Protein-protein docking:
BioLuminate offers a state of the art protein-protein docking program, with modes for antibody and multimer docking.
Protein modeling:
BioLuminate contains a complete set of homology modeling and protein sequence analysis tools, including advanced loop predictions, annotation capabilities, chimeric model building, and interactive protein structure quality analysis.
Protein engineering:
BioLuminate generates protein aggregation propensity surfaces and performs residue-based property predictions including binding energy, thermal stability, solvent-accessible surface area, hydrophilicity, and hydrophobicity. In addition, cysteine scanning automatically identifies potential mutations that can result in disulfide bridges.

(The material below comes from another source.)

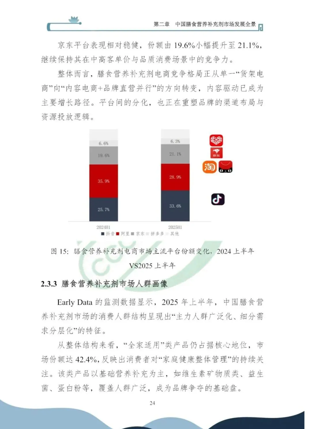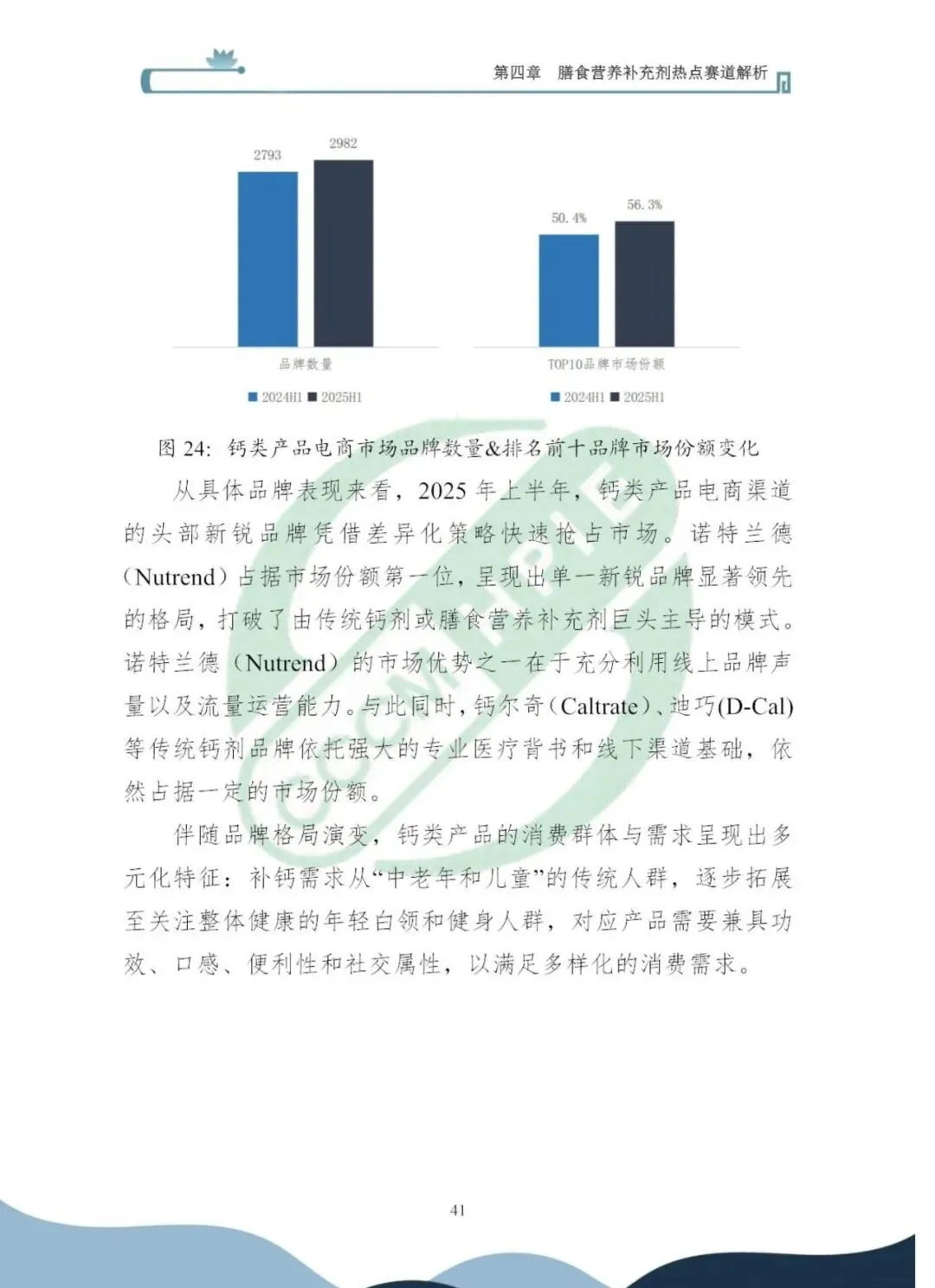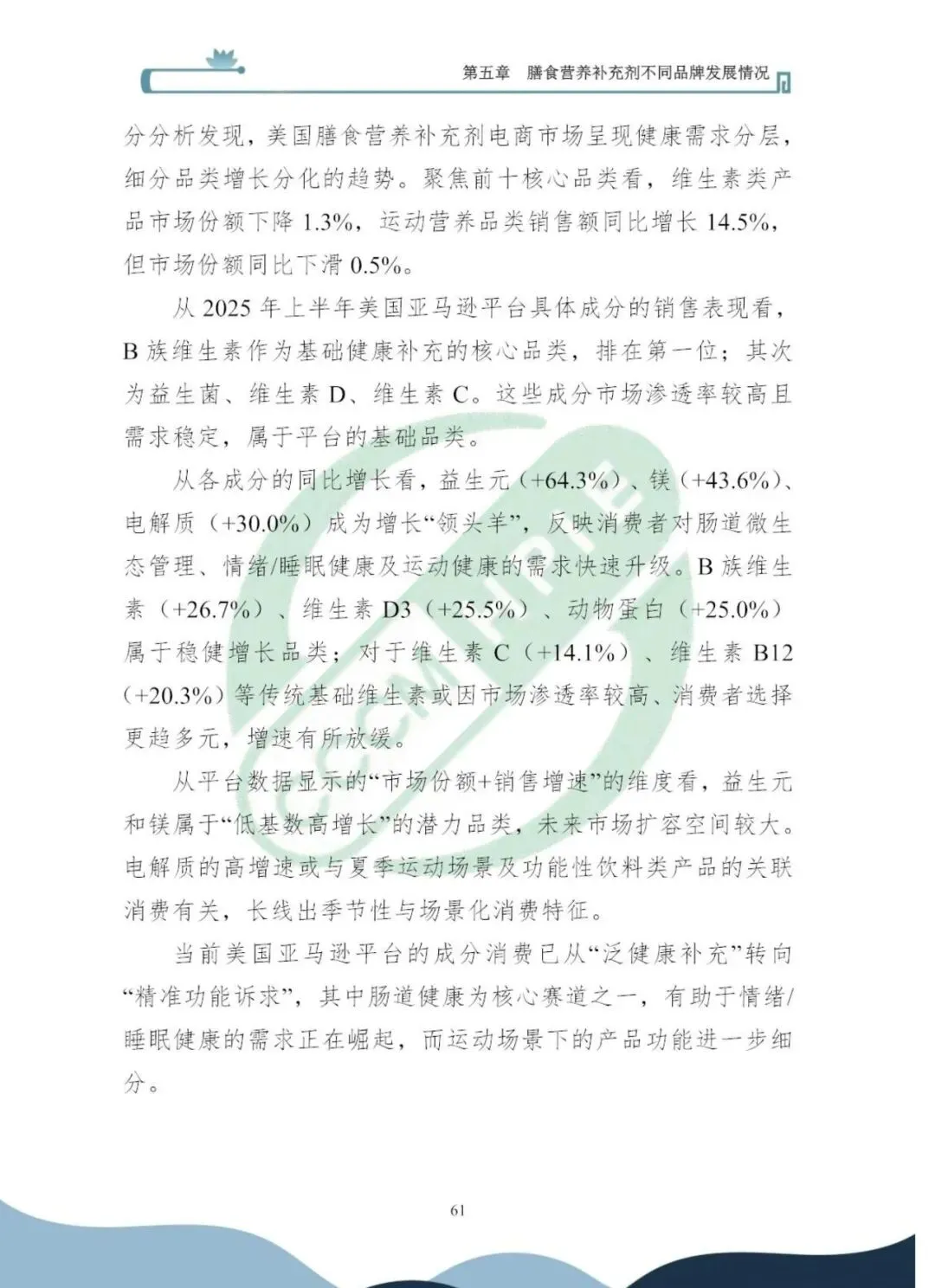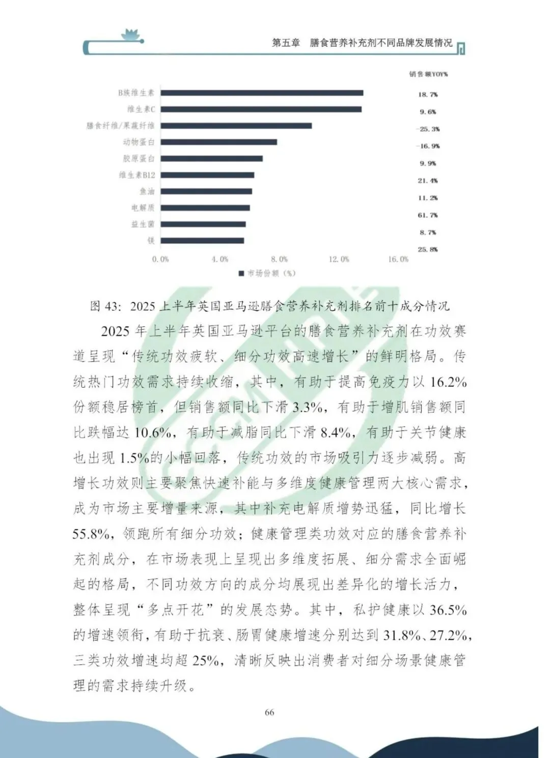 渠道变革正在深刻影响行业的竞争逻辑,电商已经成为驱动增长的核心引擎。2025 年上半年,中国膳食营养补充剂电商市场销售额达 622 亿元,同比增长 11.5%,抖音、京东、阿里三分天下,其中抖音增速高达 45.3%,内容电商通过短视频种草、直播带货的方式,让小众品牌也能快速触达消费者。跨境电商领域头部品牌优势稳固,但分化加速,部分专注细分功能赛道的品牌同比增速超过 60%,实现市场排名的显著跃升。

Reactive hot spots prone to proteolysis, glycosylation, deamidation, and oxidation are also detected.
Antibody modeling:
BioLuminate offers an antibody-specific homology modeling workflow including automated prediction of CDR loops from sequence. BioLuminate includes a curated antibody database with tools to add in-house antibody structures.
Advanced simulations:
BioLuminate can access the full suite of Schrödinger simulation tools to perform advanced computational analyses such as helical stability/melting analysis from molecular dynamics (MD) simulations, free energy perturbation (FEP) calculation of binding affinity and protein stability, large-scale low-mode search for domain movement, and QM/MM prediction of binding site reactivity.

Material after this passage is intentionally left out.